→ Aim of the exercise
Could you copy exactly the lines below from the one with "株式部分では、金利の上昇圧力" to the one with "Thank you to", inclusive, leaving out any pictures?

*** Records for processing ***

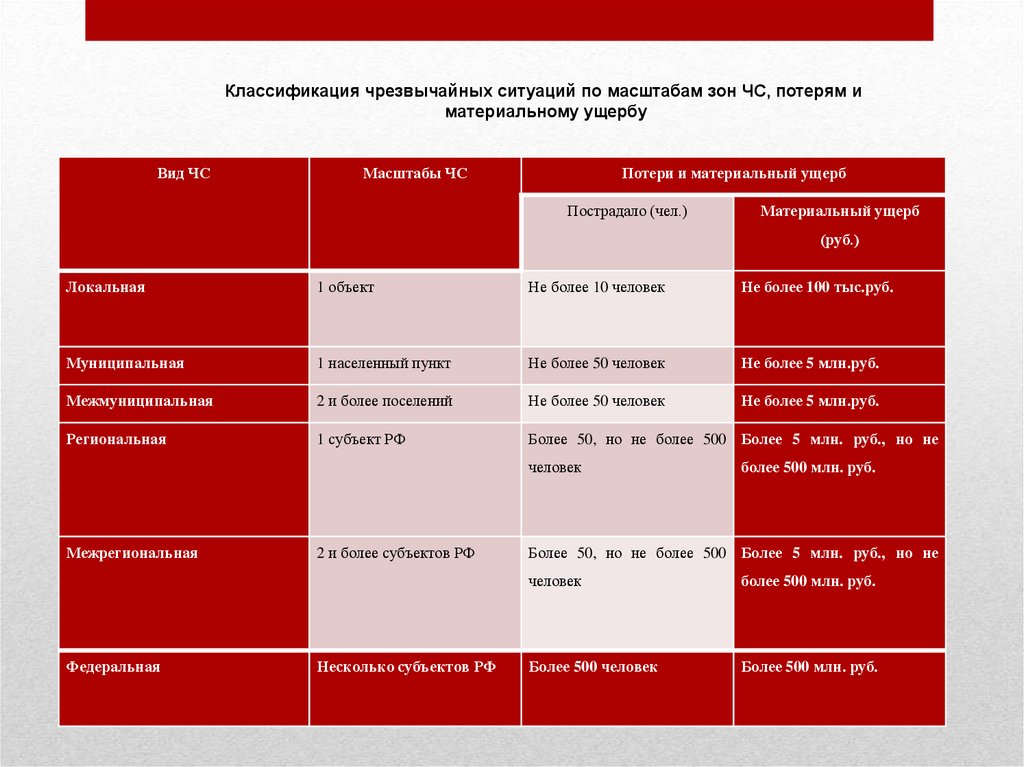 Классификация чрезвычайных ситуаций по масштабам зон ЧС, потерям иматериальному ущербу
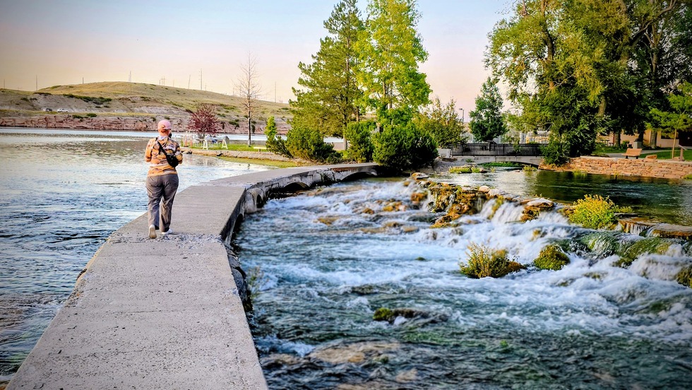 The muskrat show was on the left in the Missouri River. After it was over, we continued eastward. The fish hatchery part is just over there. The Springs has been carbon-dated to be about 3000 years old.
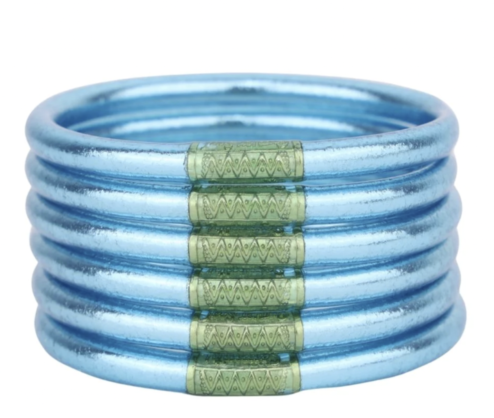 Azure is perfect combined with Silver AWB, representing a wave and its white foam. Bring in Marine AWB and you have the shallow waters combined with deep ocean mysteries. And of course for an over-the-top ode to blue combine Azure, Marine & Plume AWB for the most outrageously beautiful wristscape of blues.
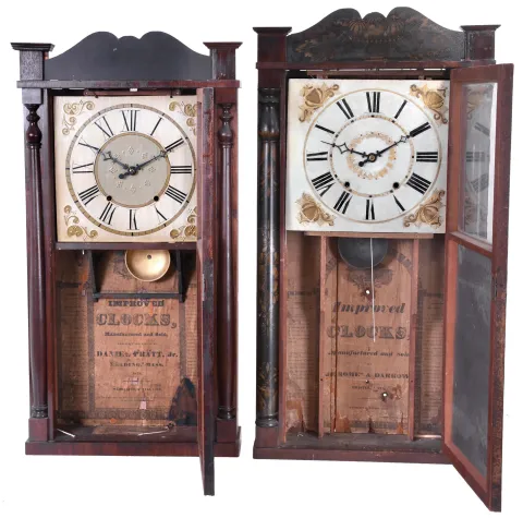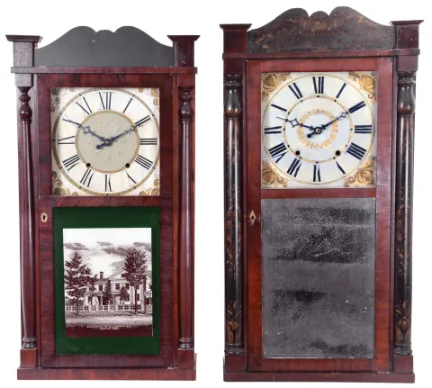 Clocks- 2 (Two): (1) Jeromes & Darrow, Bristol, Conn., 30 hour, time and strike weight wood movement half column & splat shelf clock, c1830; (2) Daniel Pratt, Jr., Reading, Mass., 30 hour, time and strike weight wood movement half clock and splat shelf clock, c1838 (1) Mahogany veneered case in an old finish has some repairs on the door and a repair to the right chimney. Original stenciling on the columns and splat. Mirror is old, but a replacement. Dial has been poorly restored. Key escutcheon replaced; (2) Refinished mahogany veneered case has had a lot of restoration. Large part of the door has new veneer. The dial has been poorly repainted. Tablet is modern. New weights. Chimneys are damaged and the splat is fiberboard.
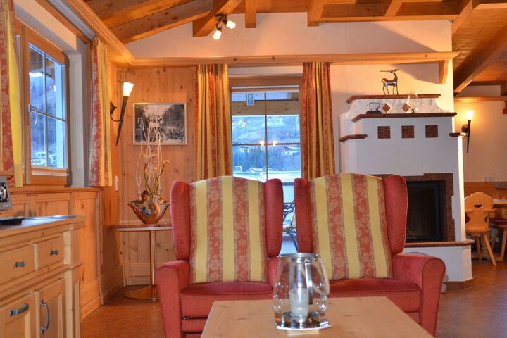 A floor all to yourself! The penthouse flat is very luxuriously furnished with solid wood furniture in a subtle alpine design, which gives this flat an inviting and cosy character. The lift takes you directly to the entrance hall of the flat. From there you enter the spacious living room, which creates a cosy atmosphere with its comfortable seating and fireplace. From the living room you can access the open-plan kitchen, the bathroom and the flat's two bedrooms. The kitchen is fully equipped and has high-quality kitchen appliances. A cosy dining area is the ideal place to enjoy meals. The bathroom is very large and has two washbasins, an exclusive whirlpool and a large rainforest shower. The two bedrooms are very spacious and equipped with large wardrobes and flat-screen TVs. One room also has an extra washbasin. The many large windows and the south-facing terrace offer a fantastic view of the Kitzsteinhorn and the Maiskogel. The flat also has an underground car park and its own cellar compartment with ski boot dryer. If you value luxury, natural, high quality and a cosy atmosphere - you will feel at home here! Facilities 1 bedroom with double bed, TV 1 bedroom with double bed, washbasin, TV 1 large living room, seating area, sofa bed, fireplace, TV, DVD 1 open-plan kitchen with Miele appliances, dining table 1 bathroom with double washbasin, whirlpool, rainforest shower, hairdryer 1 south-facing terrace with table, armchairs, radiant heater 1 separate WC 1 storage room with washing machine, tumble dryer 1 lift directly to the entrance hall of the flat 1 private ski room with ski boot dryer 1 bicycle room 1 underground car park, outdoor parking space free W-LAN Please note The penthouse flat is barrier-free and suitable for allergy sufferers (no pets allowed). Non-smoking flat!
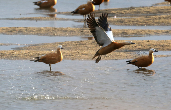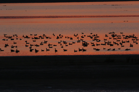 여명의 햇살을 받으며 천수만 간월호의 철새들이 수면 위에서 휴식을 취하고 있다.
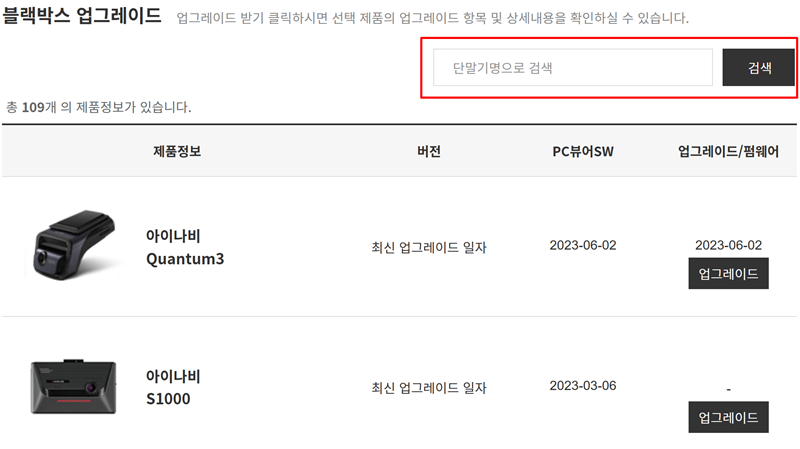 이제 고객님의 블랙박스 모델에 맞는 전용 뷰어 프로그램을 찾아야 합니다. 모델명이 많아 찾기 어렵다면, 오른쪽 위에 있는 검색창에 사용 중인 제품의 이름을 입력하여 간편하게 검색해 보세요.
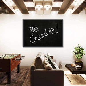 Embrace inspiration with the 'Be Creative' canvas wall art. Featuring a modern, minimalist design with a chalkboard background and handwritten text, this piece brings a positive vibe to any space.
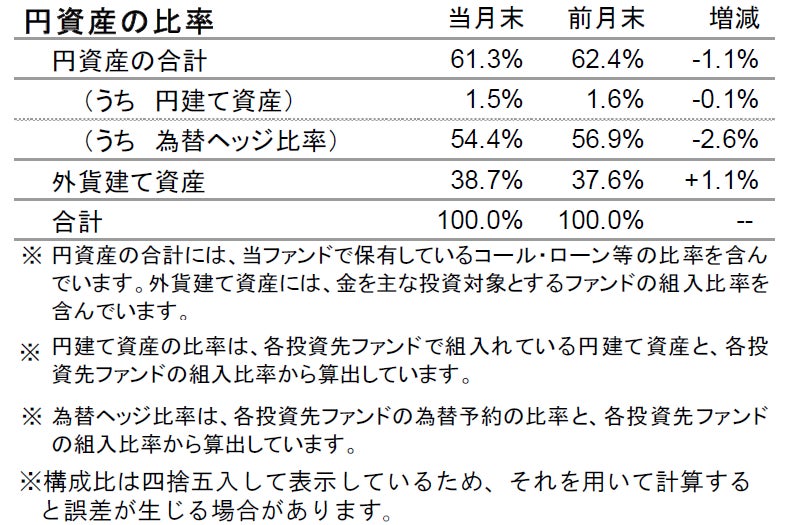 株式部分では、金利の上昇圧力が強まる中、公益関連銘柄に多く投資する世界ウォーター関連株式を一部売却しました。一方で、堅調な景気見通しのもとで新興国株式の組入れを引き上げました。その他、投資テーマを分散するため、世界環境関連株式からテーマ戦略株式に一部資金をシフトするなどしました。
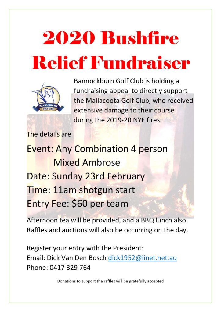 Thank you to the Clubs and Individuals who reached out and held fundraisers, donated money and provided reciprocal playing rights for members of the Mallacoota Golf and Country Club. Fundraising activities have been amazing and will greatly assist the club in the recovery process.
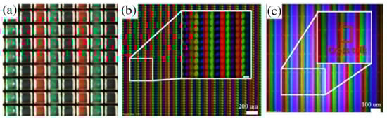 Combining UV micro-LEDs and RGB QDs together, Prof. Kuo et al. demonstrated a method to achieve full-color high-quality micro-LED displays via the aerosol jet (AJ) technique [,]. Additionally, a photoresist (PR) mold is fabricated to limit the optical cross-talk effect, and the QDs are deposited into the PR mold with clear separation between each other. Furthermore, a distributed Bragg reflector (DBR) covered above the PR mold can significantly enhance both the utilization of UV light and the emission intensity of RGB QDs.

*** End of Records for processing ***

→ Solved problem
 株式部分では、金利の上昇圧力が強まる中、公益関連銘柄に多く投資する世界ウォーター関連株式を一部売却しました。一方で、堅調な景気見通しのもとで新興国株式の組入れを引き上げました。その他、投資テーマを分散するため、世界環境関連株式からテーマ戦略株式に一部資金をシフトするなどしました。
 Thank you to the Clubs and Individuals who reached out and held fundraisers, donated money and provided reciprocal playing rights for members of the Mallacoota Golf and Country Club. Fundraising activities have been amazing and will greatly assist the club in the recovery process.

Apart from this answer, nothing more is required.